● Exercise directions: Would you transcribe the listing exactly as it stands, minus any images?

● Collected material:
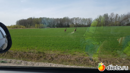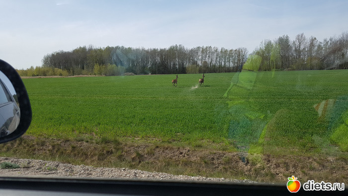 Нагулялись мы сегодня так, что я и сын заснули в машине по дороге домой. И чуть не пропустили вот такие виды: косули свободно гуляют прям вдоль шоссе
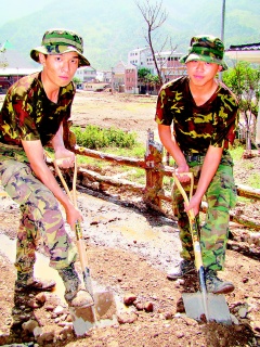 连日来,各地台军部队陆续进入桃源乡救灾,目前还有一百三十五名官兵留在断水断电的灾区,每天用山泉水洗澡,晚上睡在小学校园。
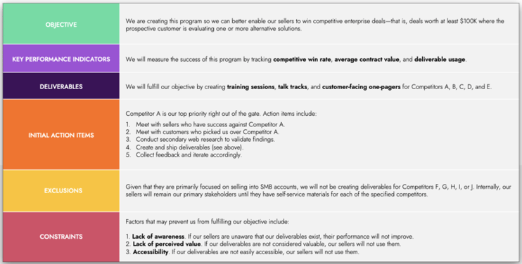 - Initial action items: Meet with sellers who have success against [top competitor]; meet with customers who picked us over [top competitor]; conduct secondary web research to validate findings; create and ship deliverables; collect feedback
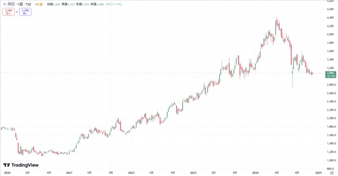 双日は株価の下落が続いています。2024年5月に上場来高値となる4408円まで買われて以降、値下がりの傾向がみられます。同年12月2日までの下落率は30%を超えました。今期(2025年3月期)は利益の進捗が低調なことから、業績への懸念が背景にありそうです。

● Result for this task:
 Нагулялись мы сегодня так, что я и сын заснули в машине по дороге домой. И чуть не пропустили вот такие виды: косули свободно гуляют прям вдоль шоссе
 连日来,各地台军部队陆续进入桃源乡救灾,目前还有一百三十五名官兵留在断水断电的灾区,每天用山泉水洗澡,晚上睡在小学校园。
 - Initial action items: Meet with sellers who have success against [top competitor]; meet with customers who picked us over [top competitor]; conduct secondary web research to validate findings; create and ship deliverables; collect feedback
 双日は株価の下落が続いています。2024年5月に上場来高値となる4408円まで買われて以降、値下がりの傾向がみられます。同年12月2日までの下落率は30%を超えました。今期(2025年3月期)は利益の進捗が低調なことから、業績への懸念が背景にありそうです。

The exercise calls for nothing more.